Titus Corlățean (; born 11 January 1968) is a Romanian politician and diplomat, former Minister of Justice and of Foreign Affairs. He is a member of the Social Democratic Party (PSD), part of the Party of European Socialists, and was elected to the Chamber of Deputies for Brașov County in the 2004 elections.

Early life and education
Corlățean was born in Medgidia, and graduated from the University of Bucharest's Faculty of Law in 1994. He also earned a certificate from the International Institute of the École nationale d'administration in Paris (1995).

Diplomatic career
Between 1994 and 2001, Corlățean worked as a diplomat in the Ministry of Foreign Affairs, before joining Prime Minister Adrian Năstase's Chancellery in 2001–2003 (first as Adviser on Foreign Policy Issues, and, after 2003, as Secretary of State for the Romanian Diaspora).

Political career
Corlățean has been a member of the PSD since 2002, serving as spokesperson for its Coordinating Committee after 2004.

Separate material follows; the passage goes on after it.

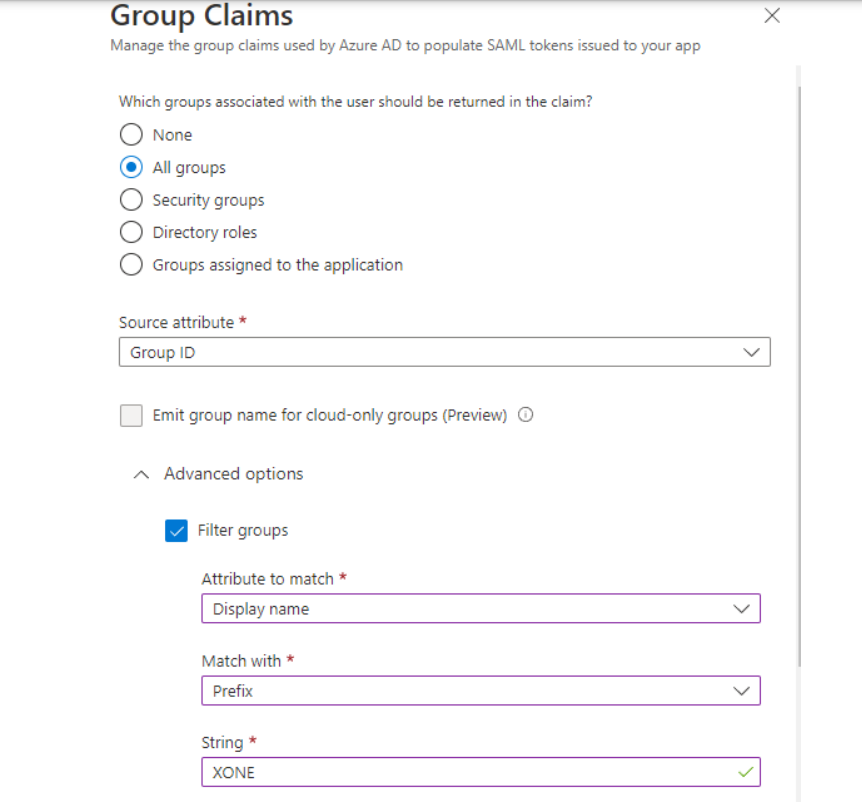 Attribute to match: Display name Match with: Prefix String: XONE

Corlățean became an appointed Member of the European Parliament on 1 January 2007, with the accession of Romania to the European Union. He was elected to that body late in the same year. During his tenure, he served on the Committee on Legal Affairs, including as vice-chair. He resigned in 2008 after being returned to the Chamber. In 2012, he was elected Senator for Bucharest.

In Prime Minister Victor Ponta's cabinet, Corlățean served as Justice Minister (May–August 2012) and as Foreign Minister (August 2012—November 2014). He resigned from the latter position following the first round of the 2014 presidential election, in which he was blamed for not setting up enough polling places for the Romanian diaspora.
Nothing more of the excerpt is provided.